In the past, French case law has had occasion to rule out the classification of force majeure invoked on the grounds of an epidemic (i) when there was no causal link between the Ebola virus and the decline in the company's activity1, (ii) when the Ebola virus had not made the performance of the obligations impossible2, (iii) when the Dengue fever epidemic was recurrent and therefore foreseeable3, and (iv) when the presence of the H1N1 virus had been widely announced even before the implementation of health regulations4.
It will be incumbent on the contractor who invokes it to demonstrate that the conditions of force majeure are met, and in particular the impossibility of implementing appropriate measures enabling the performance of its obligations, as well as the causal link between the Coronavirus and the impossibility of performing its obligations.
With regard to unforeseeability, it could be considered that this condition is met for contracts entered into before the declaration of the spread of the virus. For contracts entered into on or after that date, it could be argued against the party invoking force majeure that the condition of unforeseeability is not met.
It is important to note that the parties remain free to adjust the definition of force majeure in their contract, specifying what will be expressly considered or not as a case of force majeure by the parties. Reference could be made here to a more general notion, such as "any epidemic affecting the performance of the contract" or a specific virus, such as COVID-19.
According to the provisions of article 1218 paragraph 2 of the Civil Code: "If the impediment is temporary, performance of the obligation is suspended unless the resulting delay justifies termination of the contract. If the impediment is definitive, the contract is automatically terminated and the parties are discharged from their obligations".
In contrast to the Civil Code, which does not provide for a precise time limit to distinguish a temporary impediment from a definitive impediment, force majeure clauses very frequently stipulate a time limit beyond which either party may freely terminate the contract, after a period of negotiation to avoid termination. In view of the above, a force majeure clause should provide for a period of time appropriate to the stakes of the transaction and the interests of the parties before authorising termination of the contract.

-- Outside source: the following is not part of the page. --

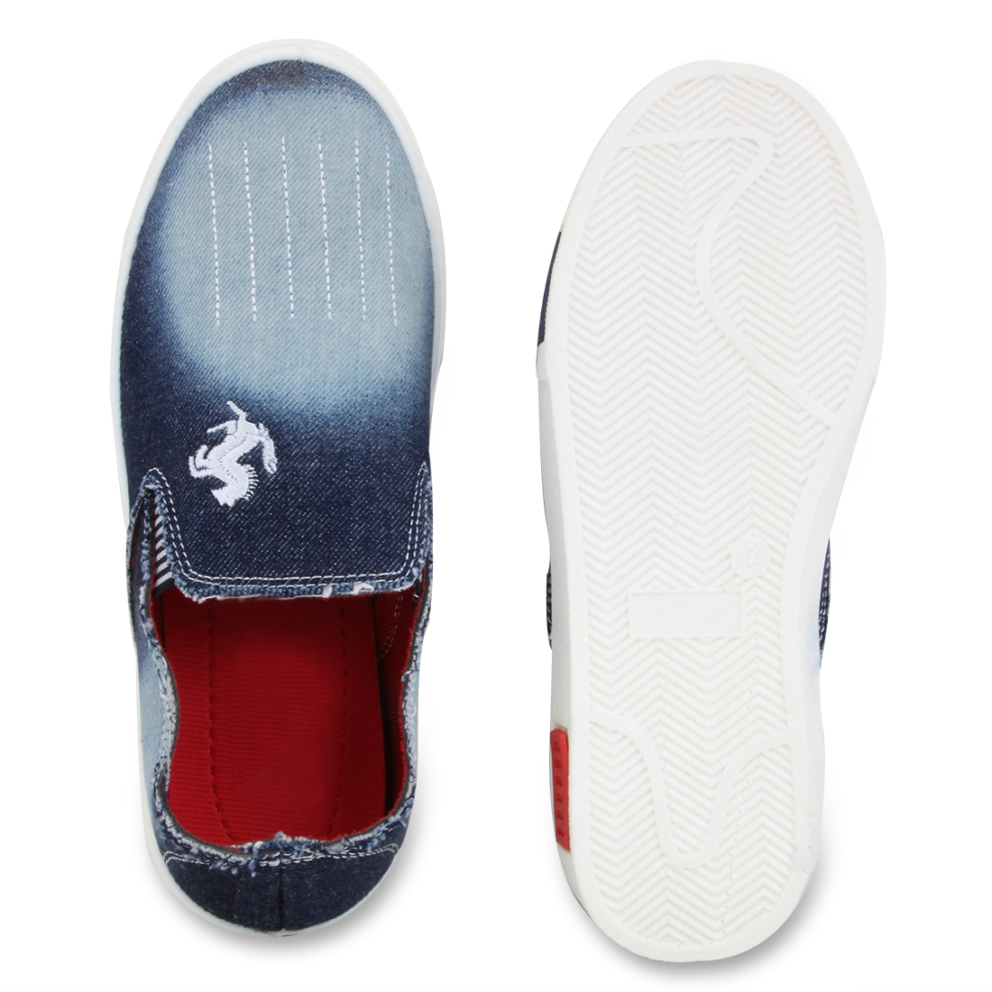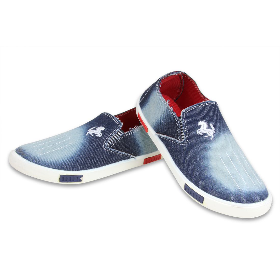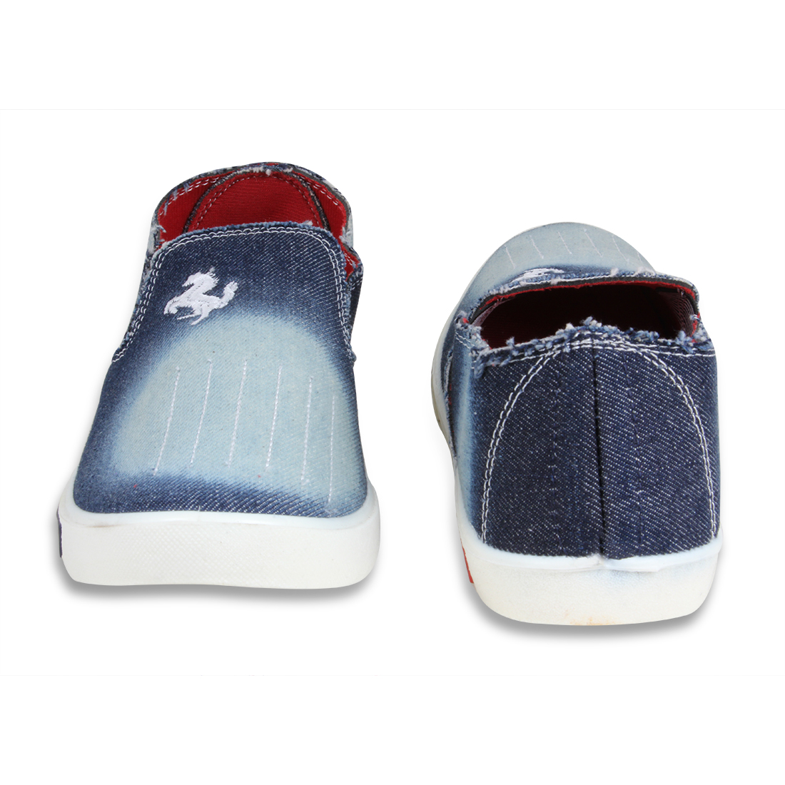 A pair of black denim loafers ,has regular styling,
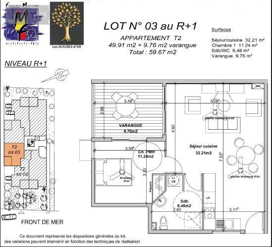 Appartement T2 de 49.91 m² avec 9.76 m² de varangue au R+1 et 1 parking à vendre dans une nouvelle résidence de standing LES JUJUBES D'OR sur le Front De Mer de St Paul.

If the COVID-19 is likely to constitute a cause of force majeure according to article 1218, it should be considered that certain companies will try to invoke a case of unforeseen circumstances, allowing the parties to renegotiate their contract under the conditions of article 1195 of the Civil Code. We speak of an unforeseeable event only if performance of the obligation has not been made impossible, but only more difficult by the debtor, either because he will obtain in return only a performance whose value will have considerably diminished, or because performance, without being impossible, will require greater effort on his part, and a longer period of time than was envisaged. Unforeseeability is therefore intended to play a preventive role, since the risk of annihilation or revision of the contract by the judge should encourage the parties to negotiate5.
However, it is recalled that the parties may contractually exclude the application of Article 1195 of the Civil Code relating to unforeseen circumstances or may adjust its conditions of application, in particular by adjusting the conditions of renegotiation and recourse to the judge for revision / termination of the contract.